A summary of the project is available on the website of the Oriental Institute (

Background and news of the project and the controversy are available at the Persepolis Fortification Archive Weblog (

This lecture is free and open to the public, but please be sure to RSVP. For more information on other ISAW events, please visit: You may also contact the ISAW events office directly at 212.992.7818.

Thursday, April 2, 2009

Publishing Archaeological Data on the Web (New York, 14 April)

Two Public Lectures on Publishing Archaeological Data on the Web

Sebastian Heath, Ph.D. (American Numismatic Society)
Eric Kansa, Ph.D. (University of California, Berkeley)

Date: 14 April 2009
Time: 7:30 p.m.
Location: Institute for the Study of the Ancient World, 15 E 84th St., New York, NY  10028, U.S.A. (lecture room)

Heath: Digital Publication and Linked Data at Troy

The Post-Bronze Age Excavations at Troy in Turkey, known as Ilion in the Greek and Roman periods, have begun a program of publishing ceramic vessels and coins from the site in digital format. Our goal is to provide the information in formats that are useful to archaeologists in the field and to students or anybody else interested in this material. Accordingly, all the files that make up these publications are available for download under Creative Commons licenses. Anybody can take this information and redistribute it for free. We are also working to express the inherent links within archaeological information. A user reading about pottery from North Africa found at Troy can easily link to secondary literature and internet resources that will increase their understanding of this material. We likewise hope to make such links discoverable by search engines as well as by researchers working on the digital processing of humanities resources.

Kansa: Open Context: Digital Dissemination of Field Research and Museum Collections

Publishing archaeological field data and primary documentation has received increasing attention and concern. Archaeological sites are threatened and archaeological methods themselves are often destructive. Often, excavation and survey records represent the only aspect of the archaeological record that can be preserved. This is especially worrisome, since so much of this documentation is in vulnerable, volatile digital formats. In addition to cultural heritage preservation issues, archaeologists often want to use pooled primary field documentation as a resource for investigation. Research may be enhanced by simplifying and speeding access to such documentation, or even by comparing across the results of multiple studies.

In an attempt to respond to these needs, several initiatives are exploring several approaches toward digital dissemination. Open Context ( is an open source system that provides a cost-effective dissemination solution for field research and museum collections. The system offers integrated access and services across datasets pooled from multiple research projects and collections. A long-term development goal is to help link field research and museum collections with active discussions and creative reuses, making these collections a much richer and integral part of continued cultural and scholarly production. Citation features and editorial control encourage researchers to consider publication in Open Context as a valid form of scholarly communication. At the same time, Creative Commons licenses give explicit permissions for users to freely and legally use the material so long as they properly attribute the original creator and abide by a few other optional terms.

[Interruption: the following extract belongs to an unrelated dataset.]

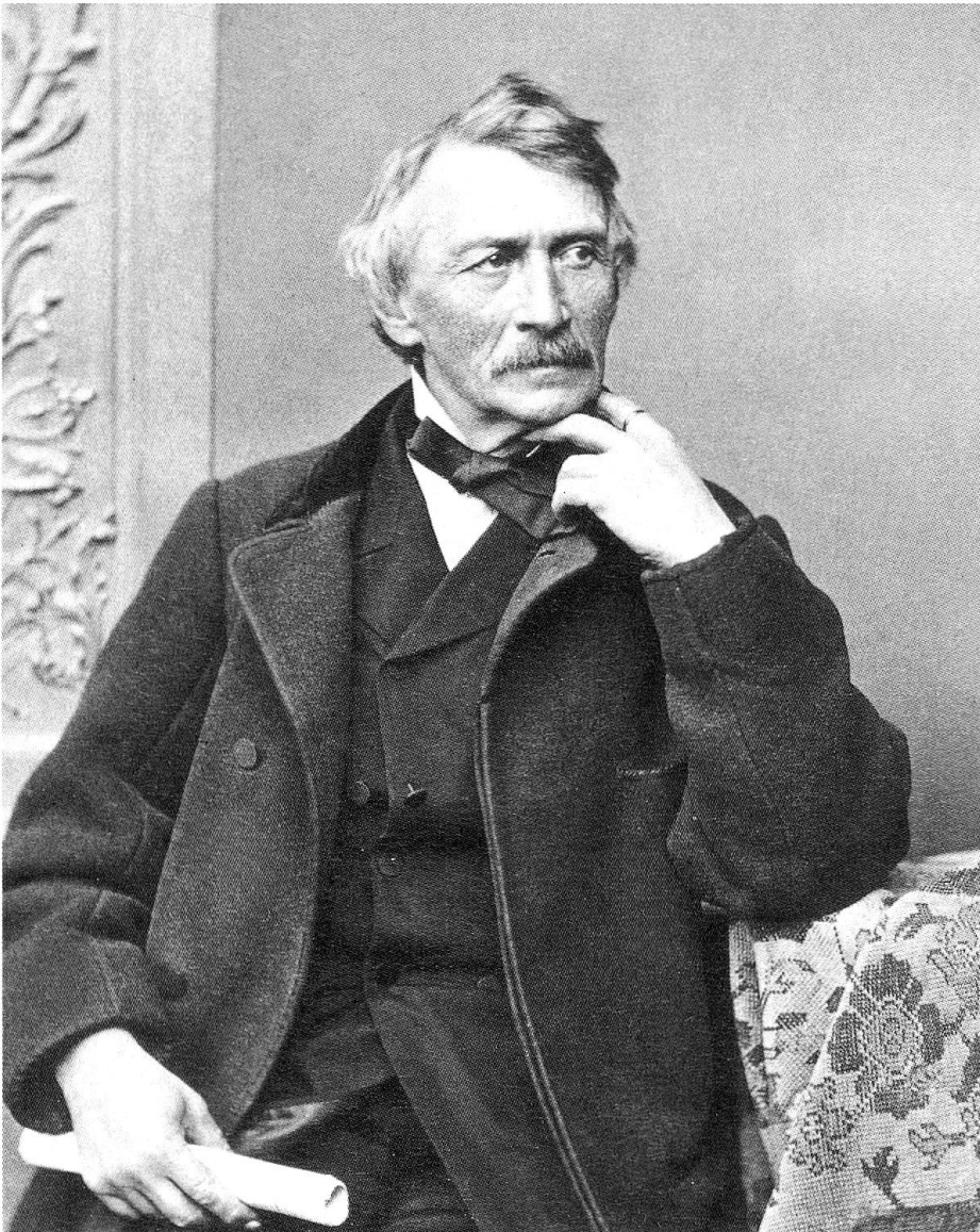
Gottfried Semper, um 1866. (Fotografie: Franz Hanfstaengel. In: Winfried Nerdinger, Werner Oechslin (Hrg.), «Gottfried Semper 1803–1879. Architektur und Wissenschaft», Zürich 2003, S. 2.)

mehreren europäischen Metropolen. Gleichwohl kommen auch in diesem einfachen Gebäude Sempers universelle Architekturtheorie und seine Entwurfsmethode zum Ausdruck. In seinen urbanen Grossprojekten, wie zum Beispiel in seinen berühmten Projekten für die Opernhäuser von Dresden, München und Wien, sind die monumentalen Bauaufgaben bautypologisch und architektonisch reflektiert, tradierte Architekturformen sind neu interpretiert und in einen städtebaulichen Zusammenhang eingebunden. Auch die Bauaufgabe des einfachen Wohnhauses in ruraler Umgebung an der Grenze zu Italien fand eine ganz spezifische Zuordnung im Bautyp des italienischen Landhauses, der casa rustica . Die Villa verkörpert so einen Bautyp des 19. Jahrhunderts; ihre Bauform widerspiegelt die Rezeption anonymer Bauernhausarchitektur der italienischen Campagna wie auch des

A major challenge with Open Context’s approach lies in data integration and mapping different source data sets to Open Context’s common global structure. Open Context aims to provide Web-based tool for researchers and collections managers to upload, "markup" and publish diverse archaeological and museum collection datasets. It remains to be seen if this tool can be easy enough to use by individual contributors, or if trained staff will always be required to aid such markup.